A Simple Moment of Weakness
Reconnecting with History—Special Installment
“The President’s job—and if someone sufficiently vain and stupid enough is picked he won’t realize this—is not to wield power, but to draw attention away from it.” —Douglas Adams, The Hitchhiker’s Guide to the Galaxy
My phone buzzed early in the evening. A message from one of my paid subscribers telling me about an impending press conference by one of my least favorite subspecies of humanity: a politician. She requested that I watch the conference and give my take on the potential historical significance of the event and/or share some history that might inform her understanding of the event.
This is not my idea of a “good time.” I would literally rather explain the evolution of torture techniques during the Spanish Inquisition—that, at least, would have a flavor of the lurid to leaven the horror on display.
Nevertheless, I allowed myself to be convinced. I need to keep my paid supporters happy (and yes, if you’re a paid supporter, I will pay attention to your requests for topics—I may not always fulfill them the next day, but they will go into the hopper. I’m an honest intellectual whore: I know how to sing for my supper). Besides, the event in question turned out to be a lot more important than I was hoping it would be. So here we go.
During his years as Vice President, Joe Biden appropriated a bunch of classified documents, some of which wound up in file boxes in his garage. On the face of it, this seems an even more egregious a violation of the official documents handling laws than did former Secretary of State Hillary Clinton’s email server (a matter on which the DOJ declined prosecution) and former President Donald Trump’s stockpiling of maybe-declassified-then-reclassified-but-maybe-not documents in his part-time residence at Mar-A-Lago resort in Florida (for which he is currently being prosecuted).
The special prosecutor’s report on the Biden matter dropped today. You can read it here. You can read a Twitter thread digesting it here (warning: partisan account).
Tucked among the pages were an implied justification for declining to prosecute (the administration cooperated with the investigation, and without obstruction charges in the mix the rest becomes harder to prosecute) and a startling explicit justification: President Biden, the most powerful man on the planet, is incompetent to stand trial.
Biden held a press conference in response:
It did not go well.
You can watch it for yourself here:
Even as Biden declared himself competent and his memory sound, he forgot the name of the church from which his son’s memorial rosary was procured, he mixed up the President of Egypt with the President of Mexico, he inadvertently (if subtly) changed American foreign policy with regards to the current war between Israel and Hamas, he seemed unsure for a fleeting moment whether his dead son was, in fact, dead [3m11s], and he claimed responsibility for the crimes of which the special prosecutor had just declined prosecution (even while denying they took place and dissembling about their nature).

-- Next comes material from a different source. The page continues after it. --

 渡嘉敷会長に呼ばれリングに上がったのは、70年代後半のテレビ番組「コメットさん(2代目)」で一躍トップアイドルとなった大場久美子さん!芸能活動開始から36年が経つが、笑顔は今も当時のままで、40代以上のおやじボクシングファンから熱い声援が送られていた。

In my lifetime so far, I have seen seven Presidents. If I were to evaluate them by competence (Note: This is NOT a comment on the policies or politics of any of these men), I’d characterize them thusly:
Two of them were pretty-okay (Reagan and Bush 1), one was not politically astute (Carter), and then there was the parade of the most incompetent, self-involved, and corrupt dip shits ever to occupy the Oval Office, each one worse than the last (Clinton, Bush 2, Obama, and Trump—the first two of these were, at least, capable of holding productive conversations with other people in government, despite their inability to be consistently interested in the actual prosecution of their own avowed policy agendas).

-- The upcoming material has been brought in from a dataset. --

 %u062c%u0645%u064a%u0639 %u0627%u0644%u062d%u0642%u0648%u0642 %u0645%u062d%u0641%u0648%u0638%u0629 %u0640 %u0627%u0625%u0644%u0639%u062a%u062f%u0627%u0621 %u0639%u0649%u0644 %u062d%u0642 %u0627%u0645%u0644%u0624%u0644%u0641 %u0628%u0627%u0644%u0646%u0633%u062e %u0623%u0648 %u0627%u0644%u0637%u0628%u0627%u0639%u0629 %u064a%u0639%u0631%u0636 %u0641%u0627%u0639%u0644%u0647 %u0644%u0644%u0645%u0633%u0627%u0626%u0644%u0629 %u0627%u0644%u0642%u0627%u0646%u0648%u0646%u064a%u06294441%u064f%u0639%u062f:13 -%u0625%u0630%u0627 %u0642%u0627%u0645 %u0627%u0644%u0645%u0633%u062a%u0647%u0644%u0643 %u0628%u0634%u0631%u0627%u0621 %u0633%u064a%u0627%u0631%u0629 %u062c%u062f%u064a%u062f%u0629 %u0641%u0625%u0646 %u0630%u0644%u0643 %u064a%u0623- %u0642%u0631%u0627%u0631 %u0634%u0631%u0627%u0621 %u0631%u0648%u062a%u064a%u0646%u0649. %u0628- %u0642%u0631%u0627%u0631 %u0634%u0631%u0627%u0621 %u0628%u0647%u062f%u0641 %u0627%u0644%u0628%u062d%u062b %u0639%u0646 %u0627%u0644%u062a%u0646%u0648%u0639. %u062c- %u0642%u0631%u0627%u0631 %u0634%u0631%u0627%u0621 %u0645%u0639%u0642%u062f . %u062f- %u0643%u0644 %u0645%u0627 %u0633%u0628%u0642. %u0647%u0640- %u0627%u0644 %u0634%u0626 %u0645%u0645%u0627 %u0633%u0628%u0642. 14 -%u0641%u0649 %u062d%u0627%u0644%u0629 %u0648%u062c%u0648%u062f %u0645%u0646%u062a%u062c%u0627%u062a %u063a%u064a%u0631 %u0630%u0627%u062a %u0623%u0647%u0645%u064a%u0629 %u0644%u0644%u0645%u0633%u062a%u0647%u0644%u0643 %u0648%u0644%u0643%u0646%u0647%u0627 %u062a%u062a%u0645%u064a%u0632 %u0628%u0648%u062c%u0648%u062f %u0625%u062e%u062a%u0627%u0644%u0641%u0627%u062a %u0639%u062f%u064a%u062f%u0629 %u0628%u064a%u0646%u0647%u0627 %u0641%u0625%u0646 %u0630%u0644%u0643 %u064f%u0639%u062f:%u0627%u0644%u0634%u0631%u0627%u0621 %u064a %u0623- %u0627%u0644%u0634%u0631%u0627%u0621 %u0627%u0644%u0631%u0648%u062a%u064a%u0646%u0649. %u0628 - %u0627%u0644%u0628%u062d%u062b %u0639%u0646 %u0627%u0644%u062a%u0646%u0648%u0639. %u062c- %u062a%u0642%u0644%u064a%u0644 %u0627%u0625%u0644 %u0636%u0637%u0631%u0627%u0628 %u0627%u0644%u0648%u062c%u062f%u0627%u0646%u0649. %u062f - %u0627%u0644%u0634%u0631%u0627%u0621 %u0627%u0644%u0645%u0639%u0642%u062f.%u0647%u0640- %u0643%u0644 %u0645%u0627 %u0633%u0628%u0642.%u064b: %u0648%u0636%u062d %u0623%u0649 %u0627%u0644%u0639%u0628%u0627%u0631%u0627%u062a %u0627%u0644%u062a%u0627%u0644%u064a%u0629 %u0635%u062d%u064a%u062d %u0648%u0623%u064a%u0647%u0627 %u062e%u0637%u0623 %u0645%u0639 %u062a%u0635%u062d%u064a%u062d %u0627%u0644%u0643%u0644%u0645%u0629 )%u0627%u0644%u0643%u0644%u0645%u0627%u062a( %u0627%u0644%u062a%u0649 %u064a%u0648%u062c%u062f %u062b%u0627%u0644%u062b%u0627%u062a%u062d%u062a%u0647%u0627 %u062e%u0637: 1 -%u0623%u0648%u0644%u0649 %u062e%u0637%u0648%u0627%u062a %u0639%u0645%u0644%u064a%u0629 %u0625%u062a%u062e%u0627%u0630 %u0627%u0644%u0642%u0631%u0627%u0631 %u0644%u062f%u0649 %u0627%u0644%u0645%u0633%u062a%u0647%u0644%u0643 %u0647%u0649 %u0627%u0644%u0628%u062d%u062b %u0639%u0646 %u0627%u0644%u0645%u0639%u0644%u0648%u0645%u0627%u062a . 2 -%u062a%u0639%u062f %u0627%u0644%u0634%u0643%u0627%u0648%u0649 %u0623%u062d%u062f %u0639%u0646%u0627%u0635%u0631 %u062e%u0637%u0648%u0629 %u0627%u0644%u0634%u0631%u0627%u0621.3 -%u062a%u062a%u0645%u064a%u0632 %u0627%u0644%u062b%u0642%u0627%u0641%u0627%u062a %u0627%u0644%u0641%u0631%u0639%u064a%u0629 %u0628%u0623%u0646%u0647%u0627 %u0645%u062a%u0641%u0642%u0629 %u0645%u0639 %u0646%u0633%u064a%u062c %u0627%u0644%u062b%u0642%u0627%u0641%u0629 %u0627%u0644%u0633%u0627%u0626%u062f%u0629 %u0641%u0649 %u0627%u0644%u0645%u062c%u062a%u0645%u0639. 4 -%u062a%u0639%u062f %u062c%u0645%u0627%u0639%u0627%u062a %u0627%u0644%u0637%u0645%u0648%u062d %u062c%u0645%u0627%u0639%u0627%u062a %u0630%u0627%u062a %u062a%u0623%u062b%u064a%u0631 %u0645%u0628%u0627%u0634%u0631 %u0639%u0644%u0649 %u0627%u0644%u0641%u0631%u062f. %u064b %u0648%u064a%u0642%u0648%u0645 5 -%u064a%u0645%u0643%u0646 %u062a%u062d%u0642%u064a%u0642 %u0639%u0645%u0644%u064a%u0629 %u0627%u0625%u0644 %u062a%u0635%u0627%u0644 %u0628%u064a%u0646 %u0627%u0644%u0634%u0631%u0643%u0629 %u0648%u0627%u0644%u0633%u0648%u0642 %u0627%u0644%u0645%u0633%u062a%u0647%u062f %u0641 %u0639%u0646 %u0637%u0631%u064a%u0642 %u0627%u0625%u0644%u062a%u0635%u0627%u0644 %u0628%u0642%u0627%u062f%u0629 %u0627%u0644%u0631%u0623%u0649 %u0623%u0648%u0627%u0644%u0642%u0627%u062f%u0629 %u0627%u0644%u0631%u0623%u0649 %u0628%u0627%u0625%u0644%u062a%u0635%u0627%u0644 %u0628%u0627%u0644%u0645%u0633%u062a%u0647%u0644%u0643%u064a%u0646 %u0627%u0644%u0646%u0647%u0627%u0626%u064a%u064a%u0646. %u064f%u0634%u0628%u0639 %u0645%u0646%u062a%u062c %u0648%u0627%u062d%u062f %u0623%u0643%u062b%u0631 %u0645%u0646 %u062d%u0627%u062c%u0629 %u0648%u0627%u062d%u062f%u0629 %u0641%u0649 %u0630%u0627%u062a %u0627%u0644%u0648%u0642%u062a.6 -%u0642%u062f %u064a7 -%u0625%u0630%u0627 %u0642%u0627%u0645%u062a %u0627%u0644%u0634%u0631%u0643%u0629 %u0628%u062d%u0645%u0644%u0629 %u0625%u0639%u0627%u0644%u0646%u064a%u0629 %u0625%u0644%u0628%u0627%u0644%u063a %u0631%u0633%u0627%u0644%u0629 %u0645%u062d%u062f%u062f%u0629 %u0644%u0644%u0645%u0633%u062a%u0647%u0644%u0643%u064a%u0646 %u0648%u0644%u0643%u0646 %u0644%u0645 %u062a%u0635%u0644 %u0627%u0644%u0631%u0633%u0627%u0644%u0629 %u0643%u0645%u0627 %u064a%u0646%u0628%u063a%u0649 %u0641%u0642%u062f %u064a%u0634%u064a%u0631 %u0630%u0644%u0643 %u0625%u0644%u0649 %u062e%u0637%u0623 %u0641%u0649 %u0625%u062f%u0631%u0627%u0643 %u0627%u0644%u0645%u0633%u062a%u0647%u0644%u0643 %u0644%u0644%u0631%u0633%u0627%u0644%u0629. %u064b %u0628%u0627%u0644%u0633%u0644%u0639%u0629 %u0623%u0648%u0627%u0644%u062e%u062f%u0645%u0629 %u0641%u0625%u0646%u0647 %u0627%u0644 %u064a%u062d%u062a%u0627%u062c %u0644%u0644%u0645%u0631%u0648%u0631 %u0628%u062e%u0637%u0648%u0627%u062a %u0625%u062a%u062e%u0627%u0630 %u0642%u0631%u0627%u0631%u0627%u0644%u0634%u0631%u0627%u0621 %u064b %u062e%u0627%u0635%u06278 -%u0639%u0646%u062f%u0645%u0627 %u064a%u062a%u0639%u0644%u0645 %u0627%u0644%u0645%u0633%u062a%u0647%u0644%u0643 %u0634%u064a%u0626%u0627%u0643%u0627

Even if he hadn’t done so before, Biden revealed in this press conference that he is, hands down, the least-fit occupant of the Oval Office in the history of the Republic (which, in light of his four immediate predecessors, is a hell of an accomplishment).
In a “normal” world—which is to say, the artificial world my generation was taught about in our high school history classes, which is far from normal—Joe Biden would be removed from office tomorrow, on 25th Amendment grounds, by his own party. The party itself would not lose power, as they still control congress and would still control the White House, and they would head into the November Election from a position of moral strength: “We care so much about the country that we will remove this good man who isn’t up to the job anymore.”
Failing that, he would be impeached by his own party.
And, failing that, he would be locked out of a brokered Democratic Convention and not allowed to run for a second term.
But that “normal world” is long gone.